It was about two weeks ago that I stumbled on a video on YouTube that talked about something called "the small web."
The video wasn't too long. You're average 20ish minutes (which in the age of 3 hour video essays is a little refreshing), it was made by a user "You've Got Kat" and was an entertaining little video about her love of "the Indy Web," also referred to as the small web, or the static web. To put it plainly these were the webpages of my youth!
I feel like if anyone is reading this blog, on this site, hosted by Neocities, then I am preaching to the choir. You likely have a little web page of your own somewhere on here and stumbled on mine through the sites network. Either way, for those not initiated these various titles are for what is basically the web as it was in the 90s. They are read only, and very accessible to your average joe who wants to plop in front of their computer for a few hours and lay down a little code. Everything on this page, as an example, was hand coded. I am making it a point that if I cannot code it I wont have it (well, within reason), which is why I do not have a "blogging platform" on this page. I am going to archive everything by hand.
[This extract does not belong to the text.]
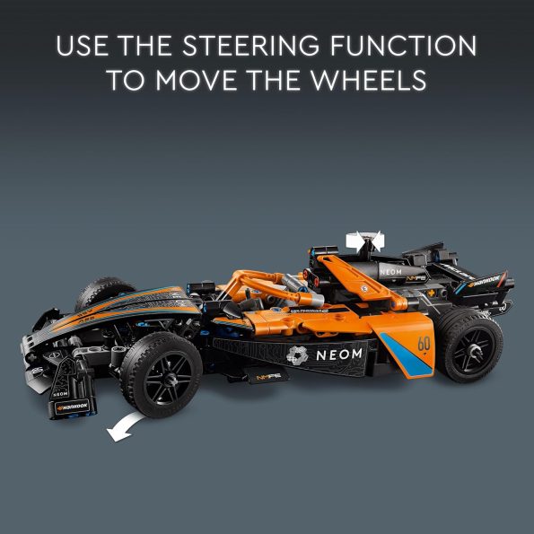 Steer the car ? Kids can use the steering function to move the wheels of this car toy as they enjoy hours of creative play with the LEGO Technic NEOM McLaren Formula E Race Car set

As I get better maybe, hopefully, I can make things a little more dynamic but until then we're gonna rock this like it's 1999.
After spending a couple of days rediscovering my love for making web pages, I have come to the conclusion that this could be the therapy people need. There was something humbling about taking my gloves off and touching the soil the internet is planted in. When you go onto (your deity of choice save you) Facebook or even worse Twitter, you're met with a highly curated and sanitized version of the internet. Algorithms turn your own habits against you and echo chambers ensure that after your experience is built you keep coming back. On the static web you just shuffle through page after page. Sometimes you come upon cool things you never imagined, other times you see shit you don't agree with at all and that's the fun. If you see something weird you just hit next or close the window. The algorithm isn't going to haunt you.
My main reason for coming here was for nostalgia and to build and art gallery. All in good time I suppose. I managed to bang out the code for what if here in a couple of hours on a weekend. I assume making a nice little interactive gallery is going to take a little more work (and a lot more JavaScript). I do not currently have a way to leave comments or anything so the end of this post is the end of our time together. I hope you like the work I've put into this little corner of the internet.